Joe earned a B.S. degree in Chemistry from Southeast Missouri State University and a Ph.D. degree in Biochemistry from the University of Tennessee Center for the Health Sciences. After receiving his Ph.D., Joe was awarded a post-doctoral fellowship in Molecular Biology at the prestigious Roche Institute of Molecular Biology, in Nutley, NJ.
Following his fellowship, Joe was hired to be a senior scientist to develop the large-scale protein purification processes necessary for the manufacture of Recombinant Protein Therapeutics. Interferon Sciences, Inc. recruited Dr. Tarnowski from Hoffman-LaRoche, and he later held senior positions at Scios (acquired by Johnson & Johnson), CellPro, Inc. (cell therapeutics company), and ImClone Systems Incorporated (acquired by Eli Lilly).

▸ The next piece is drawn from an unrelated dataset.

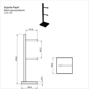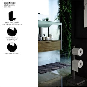 A base em alumínio com contrapeso de 1,18kg e tapete emborrachado proporciona **estabilidade e segurança**, evitando quedas e deslizamentos. Acabamento: Pintura Acompanha fixação: Não Altura: 47,9 cm Ambiente Principal: Banheiro Cor: Preto Cor do Produto: Preto Cor Predominante: Preto Escala de Brilho: Semi-Brilho Forma de Utilização: Vertical Itens Inclusos: 1 Suporte Largura: 15,5 cm Manual de Montagem e Instalação: https://cdn2.madeiramadeira.com.br/prd/cris-metal/2858348-1744802236-263824791-171078.pdf Marca: Cris Metal Material Principal: Alumínio Necessita Montagem: Não Origem do Produto: Nacional Peso: 1,175 kg Profundidade: 15,5 cm Recomendações de Uso, Manutenção e Limpeza: Não jogue água diretamente no móvel e NUNCAutilize água sanitária, produtos a base de amoníaco ou qualquer produto químico.

While at ImClone Systems, he grew the company’s Branchburg, NJ Campus from one building on six acres to seven buildings on nearly 50 acres. After the completion of its second manufacturing plant in 2005, ImClone Systems was one the world’s largest mammalian cell culture manufacturers.
Joe has held critical roles in the manufacturing, process development, registration, and launch of several FDA and internationally approved human therapeutic products, including Roferon® A, Alpheron N®, Fiblast® Spray, CEPRATE® SC Stem Cell Concentration System, Natrecor®, Erbitux® Orencia®, Yervoy®, Nulojix®, Eperzan®/Tanzeum®, Nucala®, and Strimvelis™. He has a thorough understanding of the biologics drug registration process and has had extensive experience in developing the Chemistry, Manufacturing and Controls (CMC) sections for many Investigational New Drug and Biologics License Applications.